Robert German  (born Robert John German; June 16, 1978) is a United States singer, guitarist, and songwriter.

Biography
Robert German was born in Oklahoma City, Oklahoma 1978.
In 1996, at the age of eighteen after he quit attending Oklahoma State University, German bought is first guitar and began writing songs.

In April 2006, his song Marlboro Man was distributed nationally with the DVD release of Brokeback Mountain through Wolfe Video. The song was picked up in June by Sirius Satellite Radio's OutQ Channel 106, where the song went to number 1.

On November 14, 2006, German released his self-produced debut album, sirens of Brooklyn, containing 12 original tracks.
His song Well formed man was featured on National Public Radio's Open Mic series as well as
the Village Voice's High Bias with Uncle LD.

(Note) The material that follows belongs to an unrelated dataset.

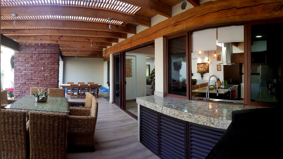 Nuestra casa es muy acogedora, está completamente equipada, te sentirás muy cómodo y relajado. La terraza es genial, con vista al lago, un asador de carbón y podrás relajarte en el jacuzzi. Está ubicada dentro de un condominio en el pueblo, con super mercados muy cercanos. La alberca y jardín es parte de las áreas comunes.

His songs open wide, Fishnet Sailor and Marlboro man, all held the number 1 position on Sirius Satellite Radio's OutQ Channel 109. His music has been featured on THIS WAY OUT
the international gay & lesbian radio magazine, broadcast on over 150 radio stations worldwide.

On September 30, 2007, the music video for Open Wide debuted as an official selection of the Coney Island Film Festival.

Discography

Studio albums

Robert German's debut album, Sirens of Brooklyn, was released on November 14, 2006. The album included 12 tracks and a hidden track titled "Knock on my door."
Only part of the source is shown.